I am sorry but from the scenario you are describing, it seems very improbable, if not impossible. I transferred to the US from Germany and was set back a year because of graduation requirements I didn't have, it wasnt science or math but others such as English, Civics, these are what I remember. And I'm a US citizen so I didn't need a visa so I am not sure about that, but my aunt hosted an exchange student who went back home and returned to the US for college, on a different visa, so it's not the same case.


----------



## abcdef (Feb 17, 2013)

Really? Honestly, I know a lot of people who have went their last year or the second year of high school and they still graduated. There was even an exchange program here in my country that sent students to the US for one year to study and that was for 11th grades only, so after winning it you would complete the 12th grade in the US and basically graduate, but the stupid age limit disqualified me since I was 1 month older than the allowed age...
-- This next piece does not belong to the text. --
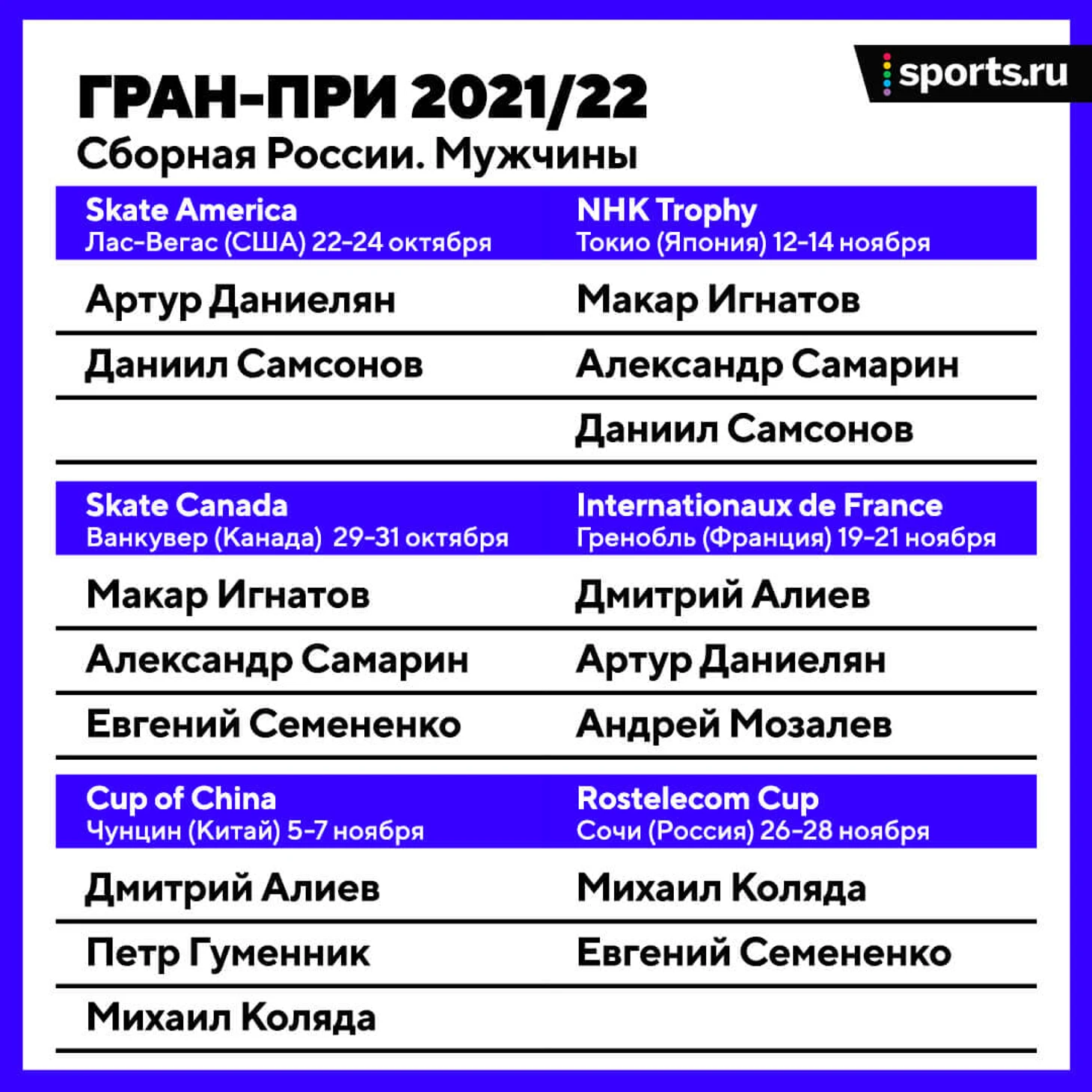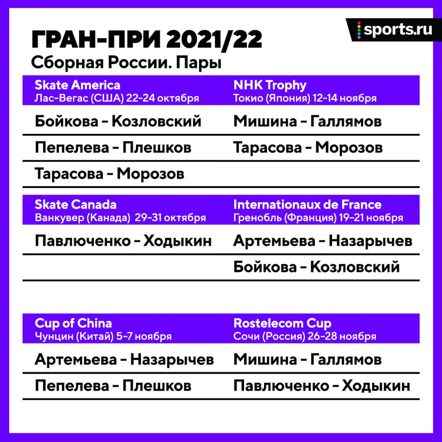 Стало известно распределение фигуристов по этапам Гран-при в сезоне-2021/22.

However, can't I take extra classes in that subject or something like that? Some countries in Europe have about the same thing, only that you just have to re-give the matura tests again (the tests to prove that you have learned through high school years, or graduation tests, whatever). Aren't there similar finals/tests that I can just give and prepare on my own so that I can prove such thing?



EVHB said:


> In only 1 year time, you can't officially graduate from a high school, as you can't take all the prerequisited to graduate in only 1 year time. For Ohio, you don't have the Core Curriculum where you need at least 4 years of math and English. They also require subjects like American History and American Government and so on. Not possible in 1 year time.
> 
> Also, you are not the one who decides which university to go to. You need to qualify, and the better their program is, the more competetive it is to get in. I don't know if your university of choice is competetive or not. Bot sometimes it's easier to get in as an International Student, than it is from within the country.
> Pay a lot of attention to extracuricculars right now! Do lots of volunteer work, show initiative. They value these things a lot. Without it, you don't get into good universities. And of course: get the highest grades possible if you want to get into the best universities.
> ...


I know how the acceptance part at the university works, thanks. I will go to a community college first which is closely connected to the university and you can transfer easily after the second year there, 80% of the students do and considering my grades I know I'll work hard to make that happen...

Thanks anyways.


----------



## EVHB (Feb 11, 2008)

Contact a local high school, ask for the Guidance Counsellor, and she/he can tell you how it works in their school/county/state.


----------



## Davis1 (Feb 20, 2009)

The law does not allow an alien student (F-1) to attend public elementary school. A student may attend public secondary school, but not for more than 12 months and the student must reimburse the school board for the full cost of the education. Hence U.S. public high schools are prohibited from issuing a SEVIS Form I-20 to alien students. However, you may attend a private high school if this school is an approved academic institution and can issue a SEVIS I-20 to you


----------